**About this task**.
Omit all pictures, then repeat the listing exactly.
Input data section start
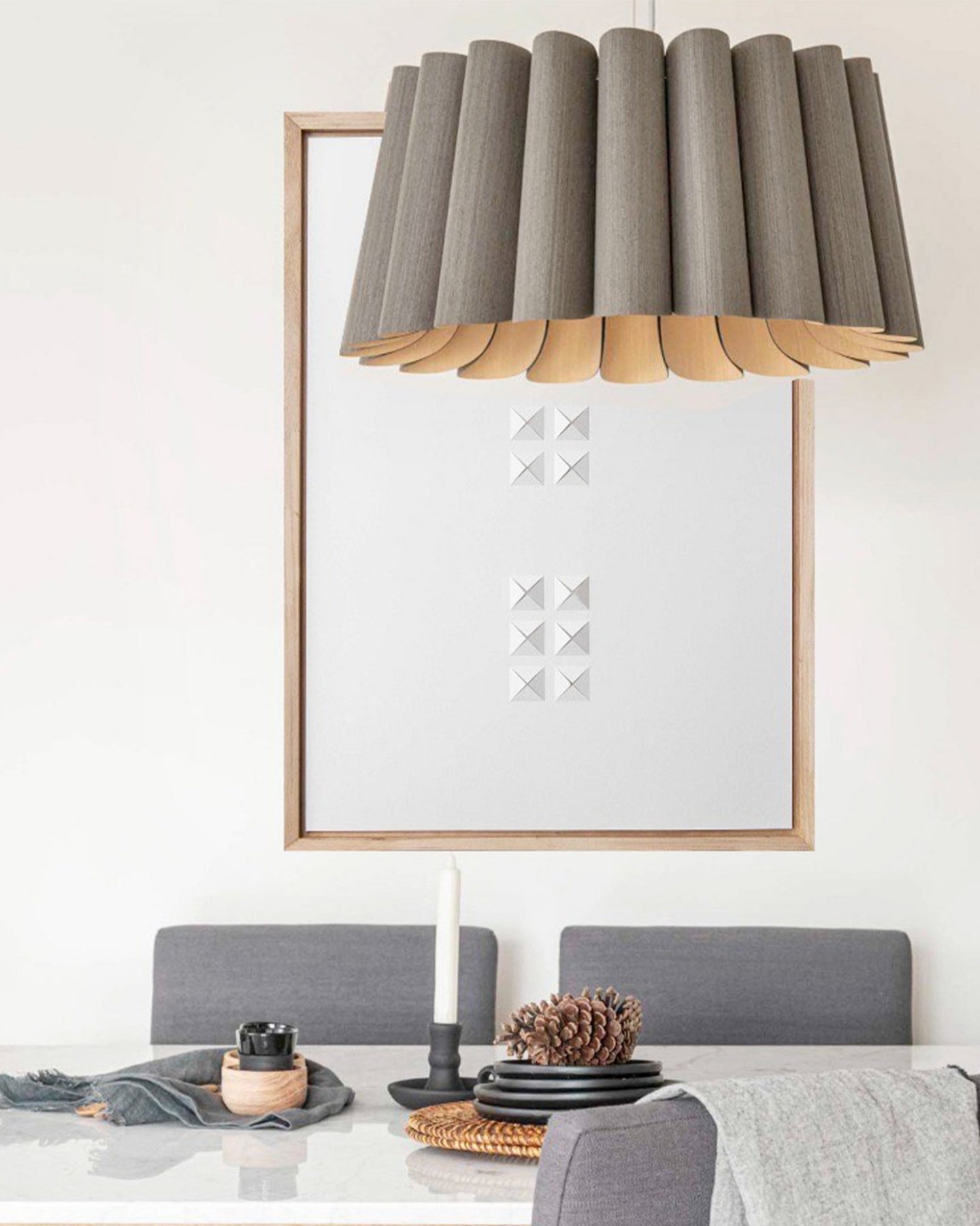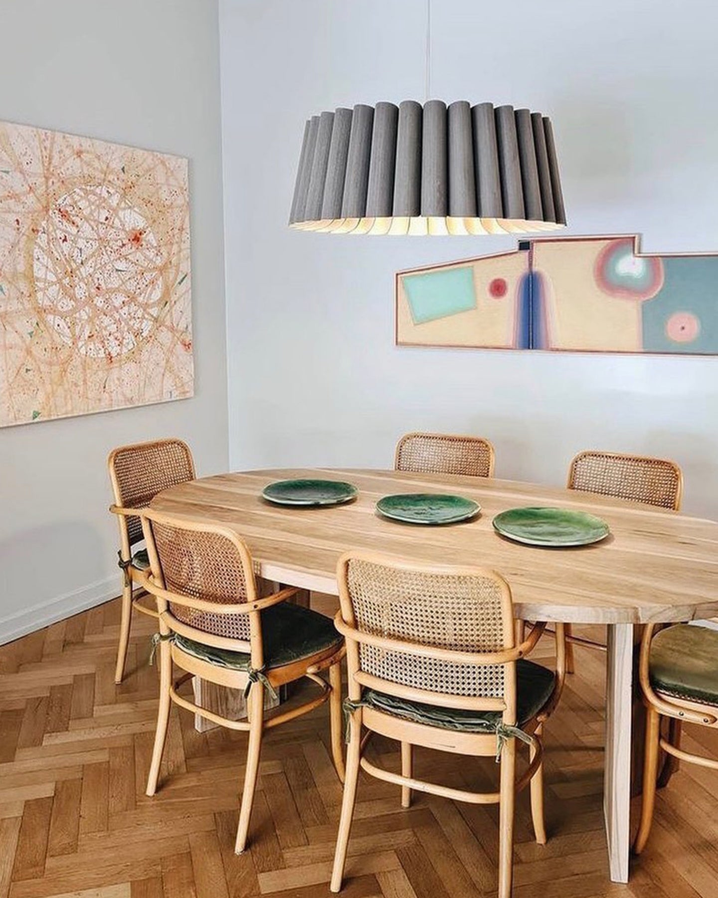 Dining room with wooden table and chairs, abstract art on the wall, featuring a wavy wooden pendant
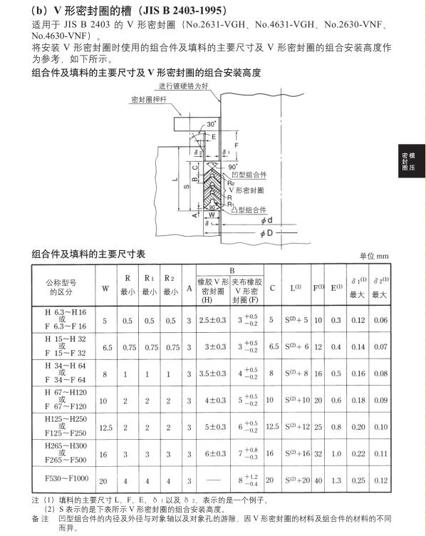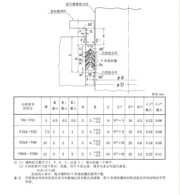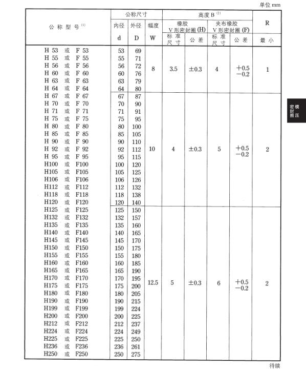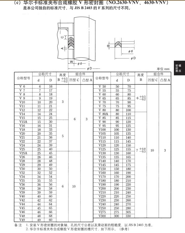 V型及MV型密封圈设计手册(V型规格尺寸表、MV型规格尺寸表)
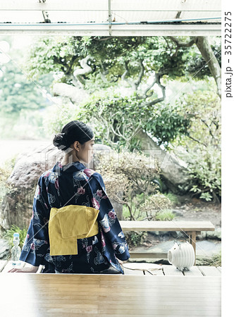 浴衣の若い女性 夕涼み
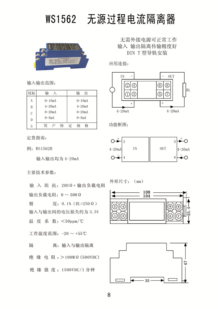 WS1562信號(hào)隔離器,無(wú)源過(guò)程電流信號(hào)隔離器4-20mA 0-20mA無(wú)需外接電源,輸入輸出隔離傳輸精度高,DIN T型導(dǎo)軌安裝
Input data section end
**Exercise result**.
 Dining room with wooden table and chairs, abstract art on the wall, featuring a wavy wooden pendant
 V型及MV型密封圈设计手册(V型规格尺寸表、MV型规格尺寸表)
 浴衣の若い女性 夕涼み
 WS1562信號(hào)隔離器,無(wú)源過(guò)程電流信號(hào)隔離器4-20mA 0-20mA無(wú)需外接電源,輸入輸出隔離傳輸精度高,DIN T型導(dǎo)軌安裝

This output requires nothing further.